City as Modernity 'Paris was where the twentieth century was... Paris was the place to be' Gertrude Stein

At the beginning of the twentieth century, Paris was the unrivalled centre of the art world, a city in the throes of rapid modernisation. In 1909 Bleriot flew the English Channel, while faster trains and cars seemed to quicken the pace of urban life. Culture reinvented itself through technology: cinema, photography, the gramophone and the telegraph were just a few of the developments changing society. New scientific ideas, including Einstein's theory of relativity and Freud's theory of the unconscious were overturning the understanding of reality.

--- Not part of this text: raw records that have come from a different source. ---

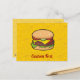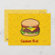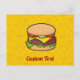 Illustration de dessin animé Cheeseburger. Les aliments indésirables entourent les icônes jaune motif arrière - plan. Texte personnalisé.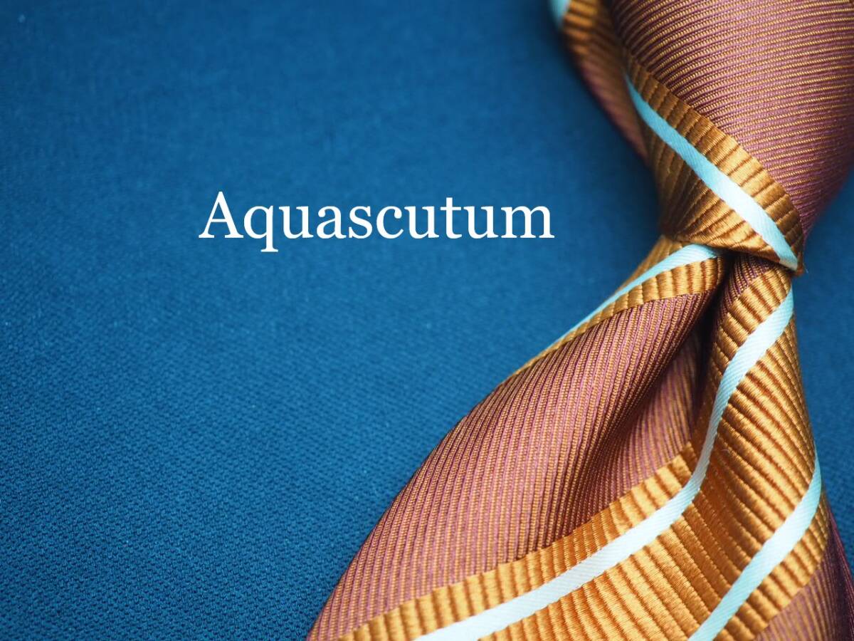 > 美品【Aquascutum アクアスキュータム】 G1197 ブラウン系 SILK ブランド ネクタイ 古着 良品 転売 仕入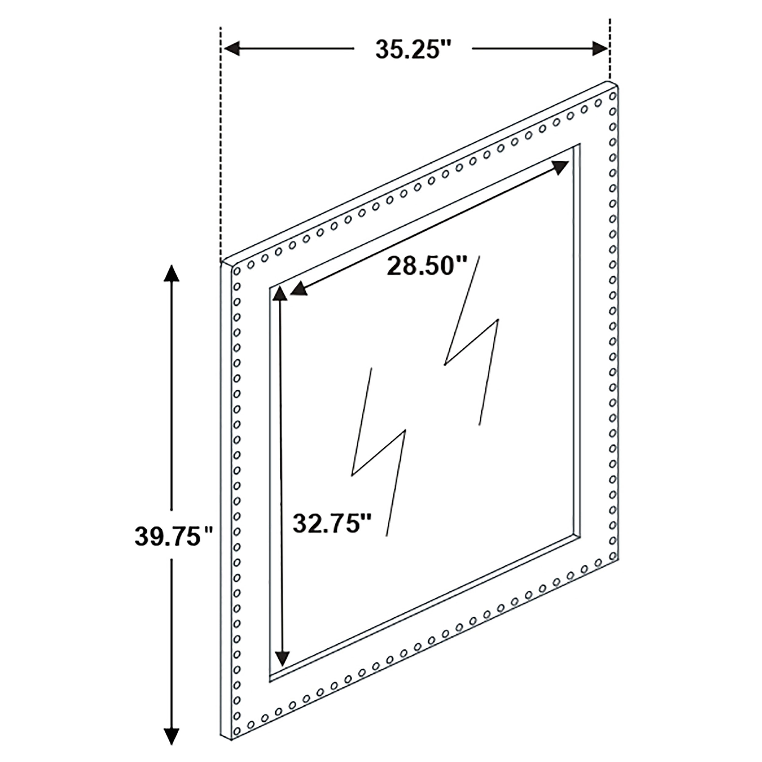 - Clean rectangular profile trimmed with chrome nailhead accents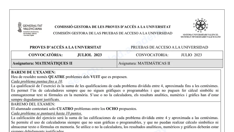 Reservar clase gratis →Examen de Matemáticas II selectividad C. Valenciana (Extraordinaria 2023)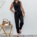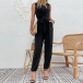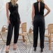 Fashion Solid Color Round Neck Sleeveless Backless Self-tie Jumpsuit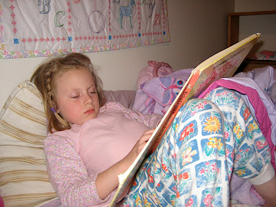 Here's Grace from a few nights ago, falling asleep while reading: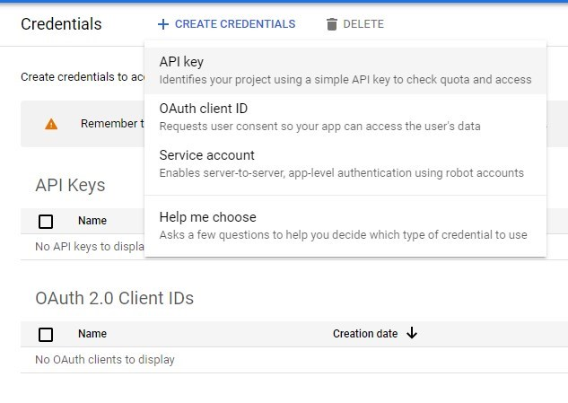 Cliquez sur « + Create credentials » en haut de page puis sur « API Key ».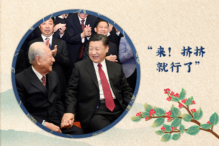 總書(shū)記拉著他們的手,請(qǐng)兩位老人坐到自己身邊來(lái),兩人執(zhí)意推辭,總書(shū)記一再邀請(qǐng):“來(lái)!擠擠就行了,就這樣。”自然而然的舉動(dòng),正是總書(shū)記尊老敬賢的真情流露。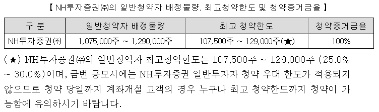 NH투자증권의 일반청약자 배정은 1,075,000주 ~ 1,290,000주이고, 일반 청약자의 최고 청약 한도는 107,500주 ~ 129,000주입니다.

Paris acted as a magnet for a remarkably international range of artists, writers, poets and musicians. They met in the studios, cafes and bars of Montmartre and Montparnasse, creating a culture of cross-fertilisation and collaboration. Cubist and Futurist artists sought a visual language to convey the dynamism and complexity of the contemporary world. Some began to bind the detritus of urban life into their work, making collages using newspaper cuttings, strips of wallpaper, and cardboard. Poets and musicians similarly invented new forms to convey the city's pulsing rhythms. This optimistic vision of a technological modernity ended with the First World War and, for many artists, first-hand experience of its killing machines.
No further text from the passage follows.